A passenger who was yelling and became physically aggressive on a United Airlines flight from London to Newark in March, prompting the crew to divert the plane to Bangor, Maine, has been ordered to pay the airline $20,638 in restitution, federal prosecutors said.

The passenger, Alexander Michael Dominic MacDonald, 30, of Chelmsford, England, was also sentenced on April 25 to time already served, prosecutors said.

Mr. MacDonald had been in custody since March 1, when he was arrested after his flight landed at Bangor International Airport. He pleaded guilty on March 22 to one count of interfering with a flight crew, a felony punishable by up to 20 years in prison.

“He apologized for his actions in court and looks forward to returning home to his family in England,” Mr.
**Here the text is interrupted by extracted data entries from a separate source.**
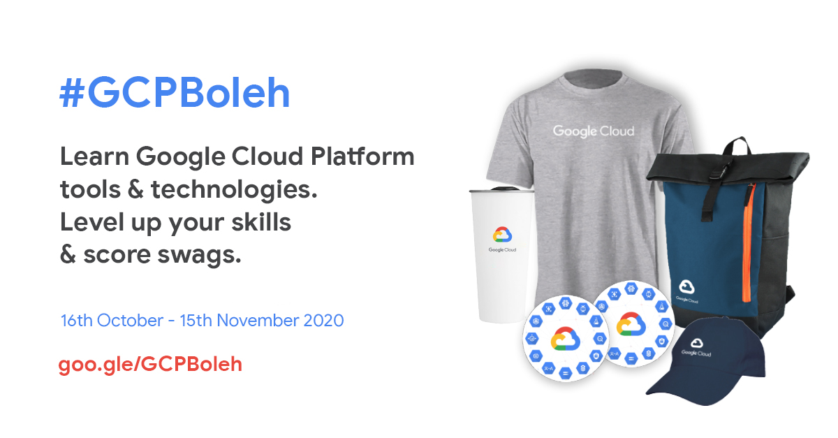 Great opportunity to learn Infrastructure modernization, Application Development, ML & Data Analytics on Google Cloud Platform online and score swags when you complete quests. Join #GCPBoleh Today!
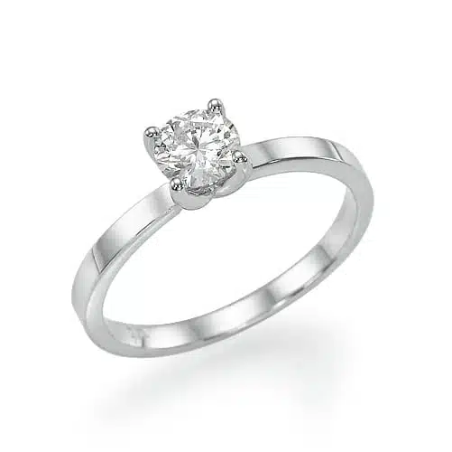 טבעת סוליטר משובצת יהלום מרכזי בארבע שיניים מוגבהות, טבעת עדינה וקלאסית.
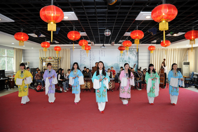 我院本次选送参演的节目共五个,分别为:昆曲《牡丹亭·游园惊梦·皂罗袍》、双人舞《风从草原吹过》、笛子六重奏《跑马山歌》、群舞《剪纸姑娘》及小合唱《龙船调》。参演节目形式各异,各具特色,虽数量不多,却涵盖了此次展演艺术表演类中的声乐、舞蹈、戏剧三个分项。演出时间不长却精彩纷呈,为现场师生带来了高水准的艺术享受。
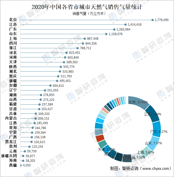 從銷售氣量來看,2020年全國城市天然氣銷售氣量共計15302771.08萬立方米,其中北京城市天然氣銷售氣量為1779490.00萬立方米,占全國城市天然氣銷售氣量的11.63%,占比最大;江蘇城市天然氣銷售氣量為1414415.74萬立方米,占全國城市天然氣銷售氣量的9.24%;廣東城市天然氣銷售氣量為1265063.83萬立方米,占全國城市天然氣銷售氣量的8.27%;山東城市天然氣銷售氣量為1158075.90萬立方米,占全國城市天然氣銷售氣量的7.57%;上海城市天然氣銷售氣量為867347.96萬立方米,占全國城市天然氣銷售氣量的5.67%。
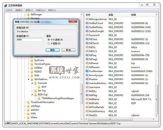 在RDP-Tcp子鍵所對(duì)應(yīng)的右側(cè)顯示區(qū)域中,我們同樣會(huì)看到一個(gè)名為PortNumber的子鍵,把該子鍵的數(shù)值也要一并修改過(guò)來(lái),例如這里我們也要將它的數(shù)值修改成“9999”;
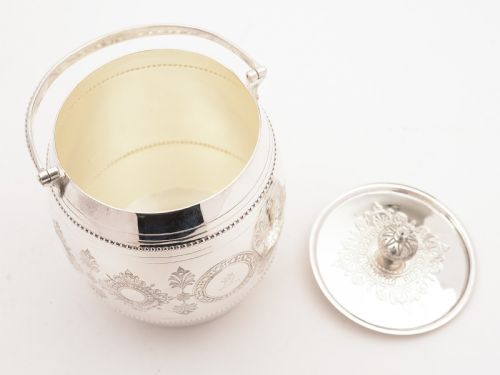 A lovely English Victorian silver plated biscuit barrel with beaded and engraved decoration and fold-down handle with pull-off lid and family crest of roaring lion. Circa 1880. Marked R&B for the maker Samuel Roberts & Charles Belk Furnival Works. FREE worldwide delivery. Measurements: Height: 6 1/2 (approx 16.25cm) Diameter (top and bottom): 4 (approx 10cm) Weight: 598g In good condition - any dark areas are shadows from the photography there is no damage to the silver plate.
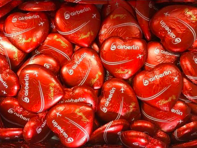 Die beliebten Schokoladenherzen, welche man zum Abschied bei jedem airberlin Flug erhalten hat, sind auch Bestandteil der Auktion. Dabei werden sie immer im 100er Pack verkauft, also 2 kg Schokolade. Die Preise bewegen sich aktuell zwischen 30 und 332 Euro.
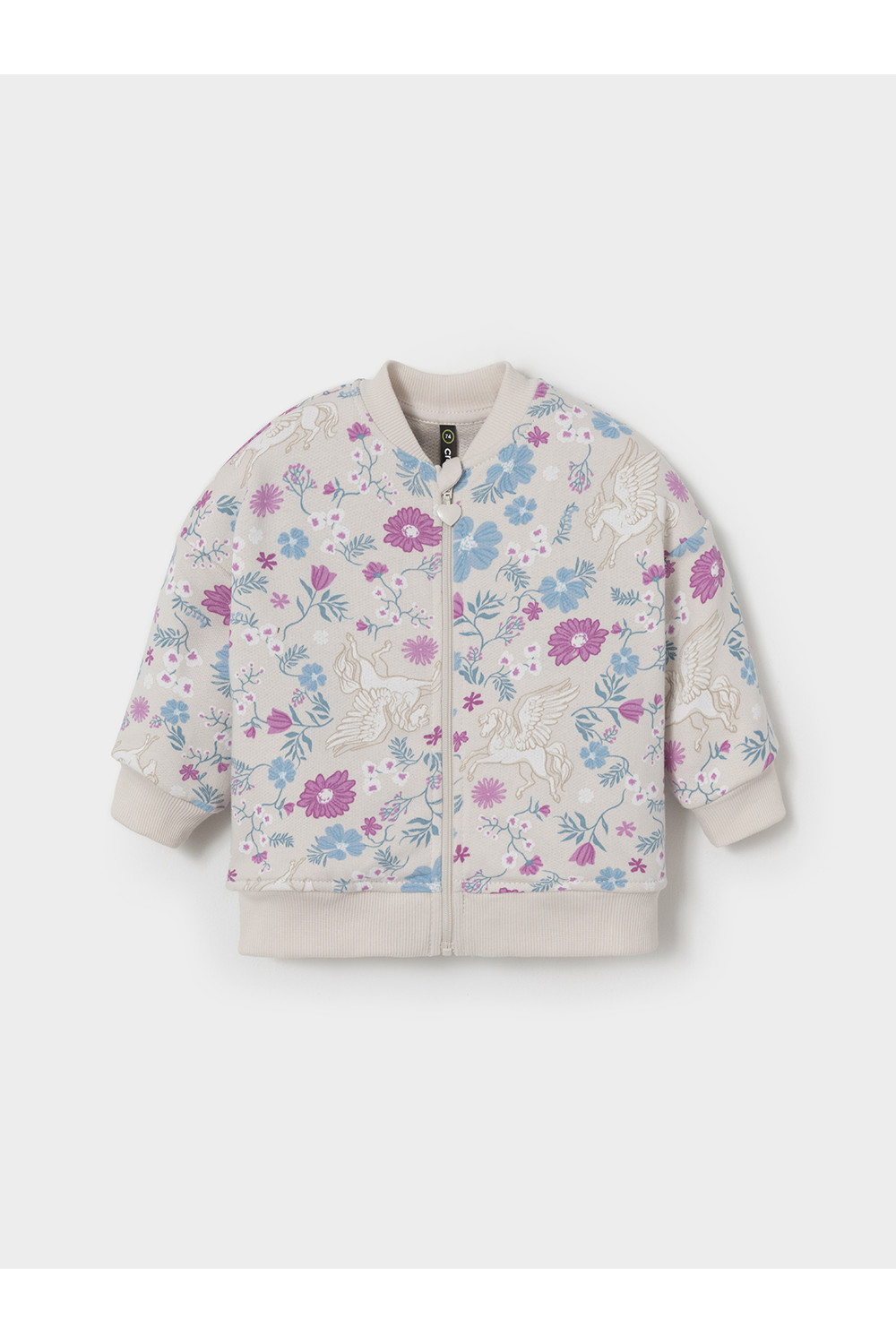 Трикотажная куртка-бомбер для девочки. Изготовлена из мягкого футера петли трёхнитки. Застёгивается на молнию с мягкой защитой шеи и подбородка. По бокам два кармана. Воротничок, манжеты и пояс выполнены из эластичного трикотажа в рубчик. Изделие сохраняет цвет и форму после многократных стирок. Все трикотажные полотна производятся в соответствии с нормами швейцарского сертификата ЭкоТекс.
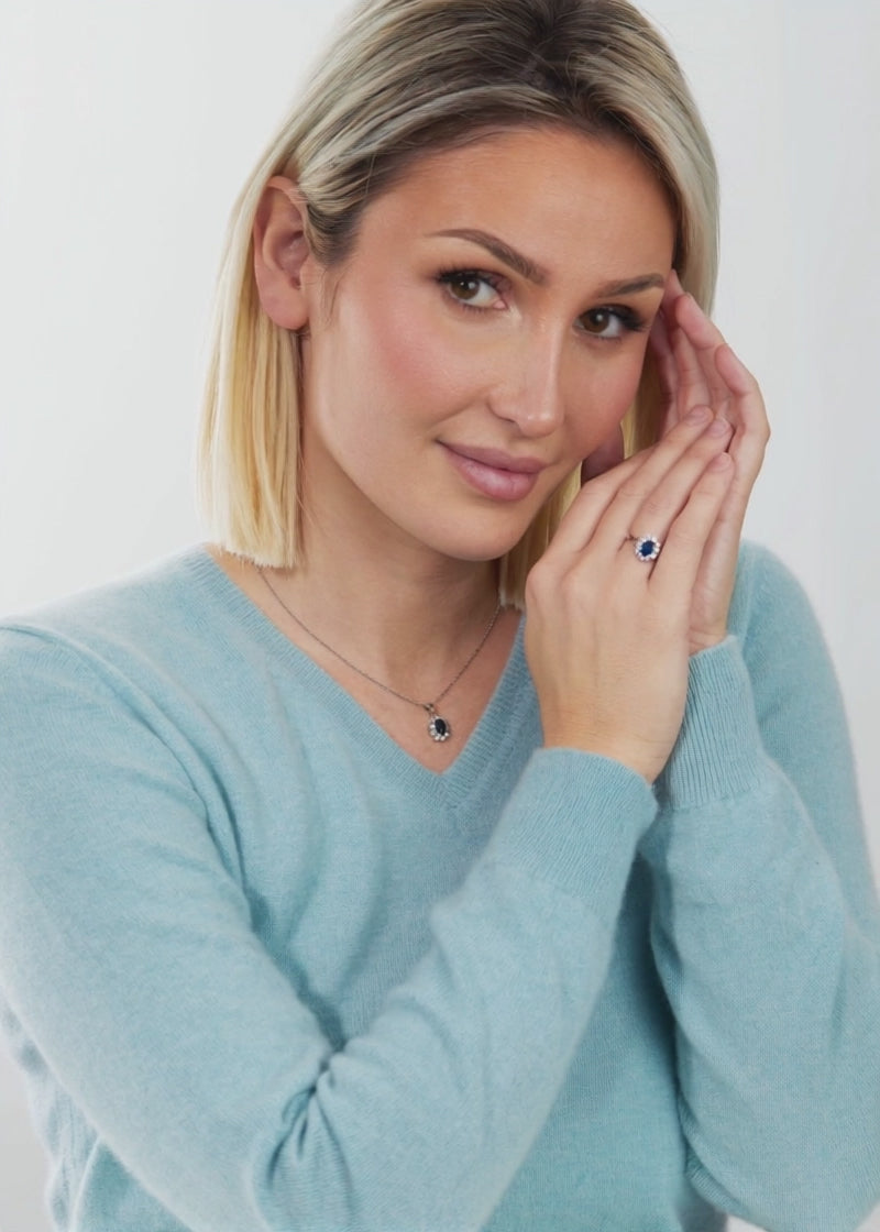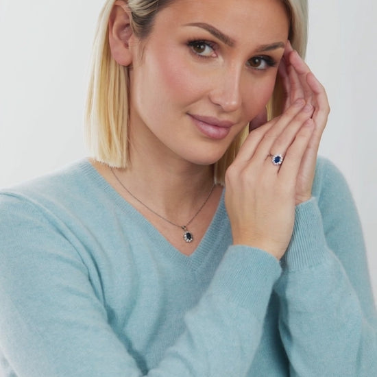 Elegante ciondolo da donna in oro bianco 750, impreziosito da uno zaffiro ovale centrale circondato da diamanti scintillanti. Un gioiello raffinato e luminoso, ideale per aggiungere un tocco di classe e splendore ad ogni occasione speciale.
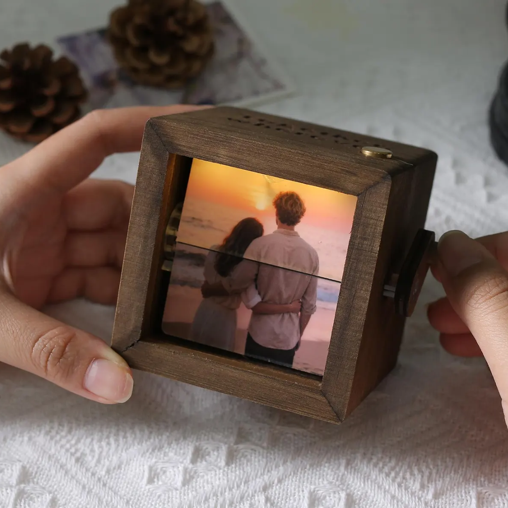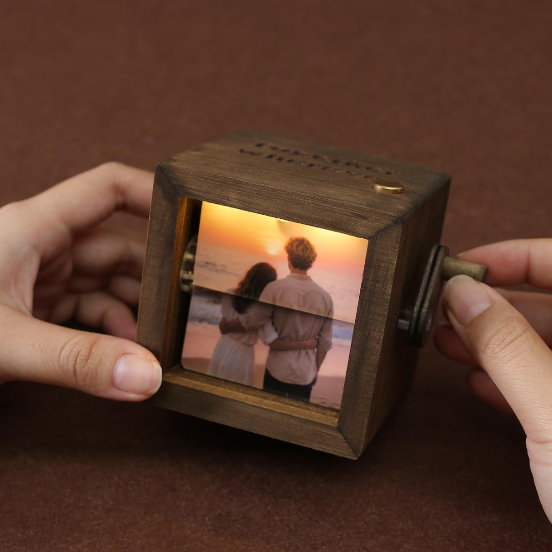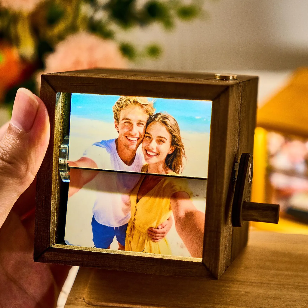Personalized Wooden Flipbook Animation Box with Light – Custom Photo Crank Box, Handmade Memory Gift for Anniversary, Birthday & Wedding
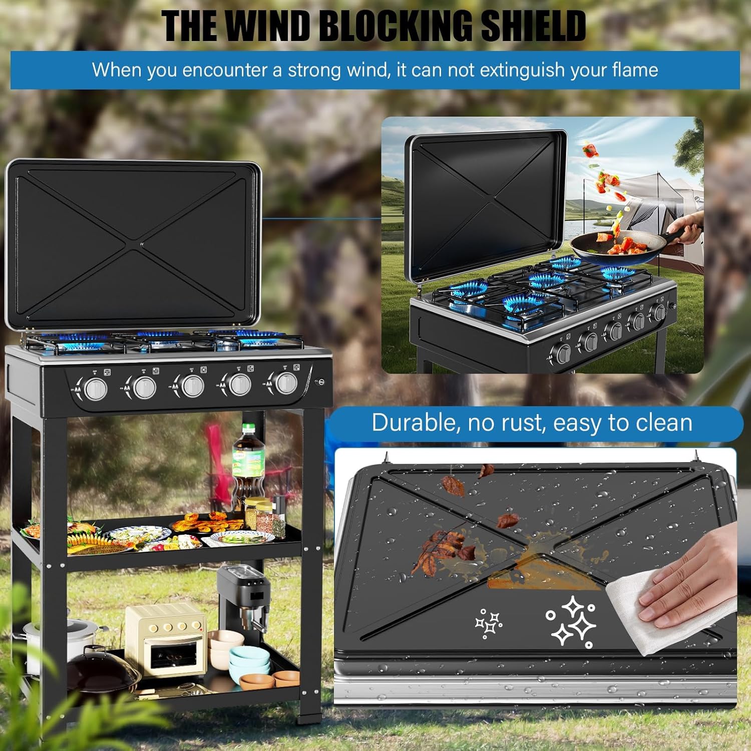 【5-Burner Propane Stove】- This gas cooktop features a heavy-duty steel frame and cast iron burners with a black powder-coated finish that withstands high temperatures and is built to last,With auto ignition, it quickly and evenly heats up food, while also resisting rusting for a long service life.
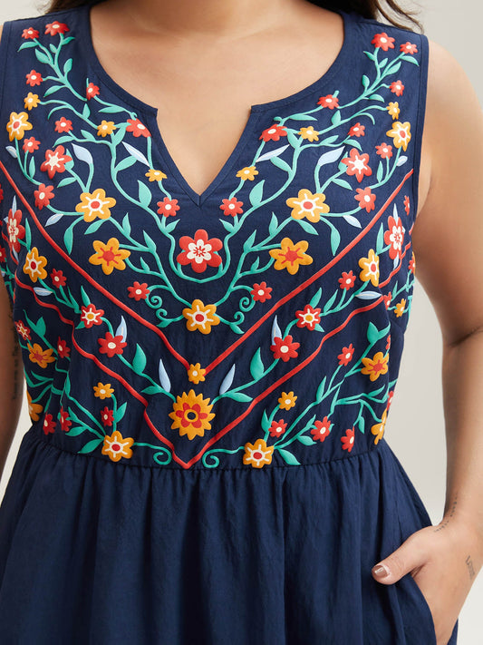 Imitation Embroidery Woven Sleeveless Midi Dress
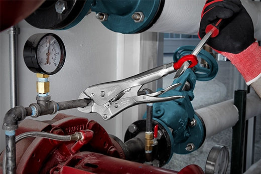 The 10" TORQUE LOCK™ MAXBITE™ Curved Locking Pliers are engineered for superior gripping strength, faster setup, and enhanced user control. Designed with MAXBITE™ teeth, these pliers deliver maximum contact for increased torque and a more secure hold on round, flat, and irregular surfaces. The patented TORQUE LOCK™ adjustment system allows users to apply additional force with a screwdriver through the locking screw, ensuring a tighter grip and quicker release.
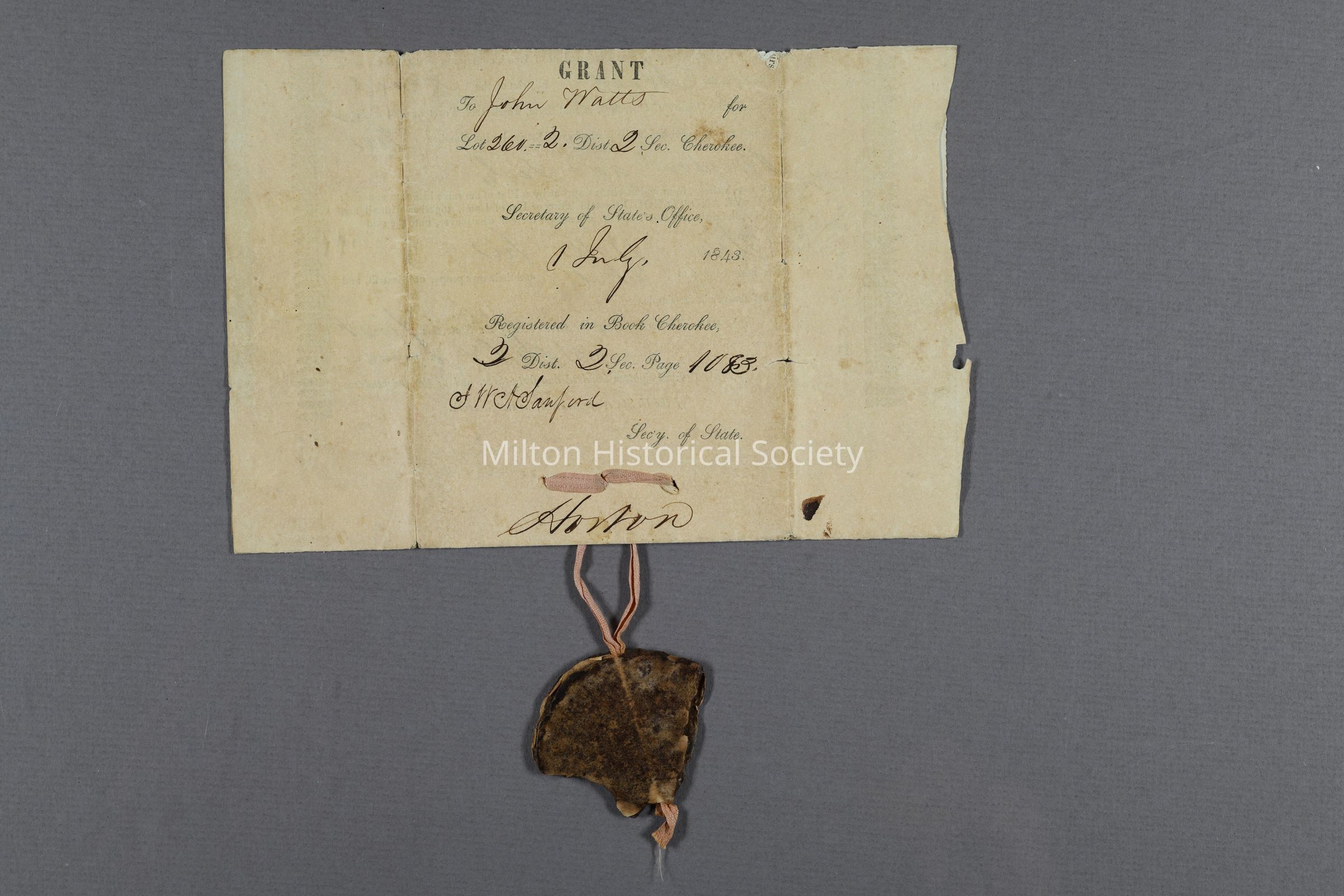 Fifth of five segment photos of land grant deed to John Watts signed in 1843. Land lot number 260. Surveyed in August 3, 1832 and granted with this deed in July 1, 1843. At the time of the land grant, the parcel was part of Cherokee county. This deed (Lot 260) is pictured in multiple accessions as segments A through E.Context

MacDonald’s lawyer, Matthew D. Morgan, said in an email on Tuesday.

According to an F.B.I. affidavit, about 160 passengers and 10 crew members were aboard United Airlines Flight 883, which left Heathrow Airport near London on the morning of March 1 and was headed to Newark Liberty International Airport in New Jersey.

Several hours into the flight, the purser, or lead flight attendant, heard Mr. MacDonald “arguing loudly” with his girlfriend and asked him to lower his voice, the affidavit says. He agreed to do so, but minutes later the purser found him yelling again, this time at another flight attendant, the affidavit says.

The purser tried to calm Mr. MacDonald down but he “would not listen and continued to be verbally and physically aggressive,” according to the affidavit. Mr. MacDonald asked the purser if he wanted to “have a problem” and threatened to “mess up the plane,” the affidavit states. He also put his hands on the purser’s shoulders as he backed the purser into a corner, the document says.

With the help of another passenger, the purser restrained Mr. MacDonald in flexible handcuffs, but he “continued to be noncompliant” and the purser determined that the plane needed to land “for the safety of the crew,” the affidavit states. The captain also believed that continuing to fly to Newark “was too great a risk,” the affidavit states.

United Airlines said in a statement that the plane landed in Bangor so the “police could remove two disruptive customers who appeared to be intoxicated.” The statement did not identify those passengers but said they had both been banned from flying on United Airlines. After the passengers were removed from the plane, it continued on to Newark.

The number of incidents involving unruly passengers on airplanes has dropped steadily since it reached record highs in 2021, when passengers returning to the skies amid the easing of coronavirus restrictions reported frequent and disruptive behavior, including many heated disputes over mask rules.

In January 2021, the Federal Aviation Administration introduced a “zero-tolerance policy” regarding unruly passengers, resulting in hefty fines instead of the warning letters or counseling that were used previously. The agency said it had received 2,075 reports of unruly passengers last year, compared to 2,455 in 2022 and 5,973 in 2021.